A limitation of our study is the chance of exposure misclassification. Information about maternal smoking during pregnancy was based on self-report and is not verifiable. A possibility to overcome this limitation is the determination of the cotinine concentration in plasma or urine of the mother. Nevertheless, previous studies demonstrated that this would not be superior to self-reported smoking habit in pregnant women [2]. We acknowledge the fact that we cannot fully exclude residual or unmeasured confounding by other factors that could be associated with both tobacco smoke exposure and placental molecular signatures. Although a causal relationship exists between prenatal tobacco smoke exposure and low birth weight or preterm birth, not all infants exposed to tobacco smoke develop these adverse perinatal outcomes. It is therefore reasonable to assume that several interactions exists between tobacco smoke exposure and biochemical, genetic, and epigenetic factors which make the fetus more susceptible to changes in fetal programming.
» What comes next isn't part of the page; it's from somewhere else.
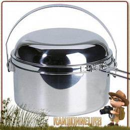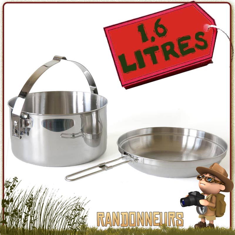 Set Popote Camping Inox 2 Personnes Highlander - Ensemble complet de Popote Acier Inox pour la randonnée et le camping, pour deux personnes. Set Popote Inox avec deux casseroles, deux couvercles (dont un en poele), deux assiettes et deux tasses. Robuste et compacte, popote inox idéale pour votre sac à dos randonnée

Our findings are of clinical relevance because responses of mitochondrial DNA and changes in the fetal methylome are plausible alterations that may underlie the adverse effect of tobacco smoke exposure on birth weight. They increase our knowledge on the mechanisms of perturbations in the fetoplacental exchange that might lie at basis of low birth weight and, hence, may be used in the broader sense of clinical context.

Conclusions

This study provides epidemiological evidence of molecular changes in placental tissue that can serve as molecular signatures of exposure to tobacco smoke during pregnancy. Whether the molecular signatures described in our study may be related to early developmental changes in Belgian children will be investigated in the ongoing follow-up study of the ENVIRONAGE birth cohort.